In The Life Aquatic with Steve Zissou, Bill Murray stars as an egotistical underwater adventurer who has relationship issues with his wife, long-lost son, and pretty much his whole crew. Turns out, there's a lot of misery behind the movie's comedy.
While Murray was interested in reteaming with his Royal Tennenbaums director, Wes Anderson, the 54-year-old was very unhappy during the several months they spent filming on location in Italy. "I was physically and emotionally drained, not just from the work," Murray sighs. "It was a torturous experience to be away from home for that long. I hated going to work. I was so personally miserable that it was really a challenge to work every day because I was just so lonely and missed my [family] so much. It was what I imagine being in prison is like."
While most of his Zissou co-stars say they got close, Murray has a rather cynical take on the setside camaraderie. "It was like a family on the set [because] we were stuck with each other," he jokes. (Um, at least we think he's using his dry wit to kid us.) "You do bond with each other and have to look out for each other because the job is really dangerous. Making movies is far more dangerous than people ever appreciate.

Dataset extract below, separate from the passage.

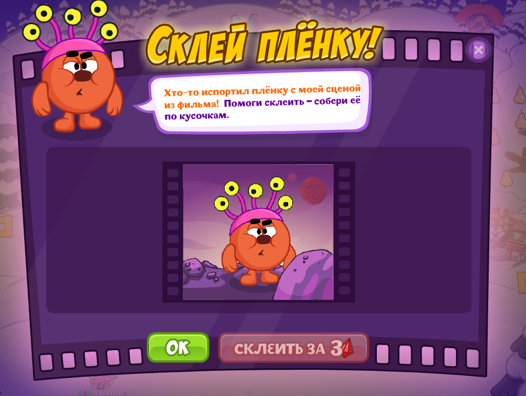 Хто-то испортил плёнку с моей сценой из фильам! Помоги склеить — собери её по кусочкам.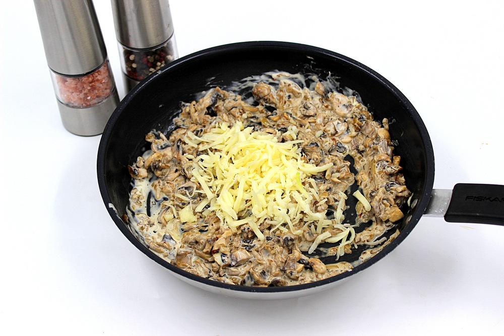 В остывшую грибную начинку добавить тертый сыр. Перемешать и начинка готова.

"Being at sea on a ship is even more dangerous," he continues. "We were using weapons, and things go wrong. The weather was miserable. You don't think of Italy as anything but sunny, picking a grape and laying on a hillside. But it was cold — bone cold on the water in the Mediterranean shooting at night. You got cold like nobody's business, colder than I have ever been in Chicago. I don't think I'm over it yet."
Despite his grousing, Murray at least enjoyed playing his Steve Zissou character. "He just lets it go," the actor explains. "He doesn't have any censors [telling him,] 'The next thing you say might be bad behavior and you might want to hold that back.' Bang! Out it comes. That's kind of fun to play.
"You don't get to do that in life so often," he adds. "You are supposed to obey some sort of rules of politeness or respect. We don't have time for that in the movies; we've got to move right along and see the emotion right now. It's kind of a treat to do that."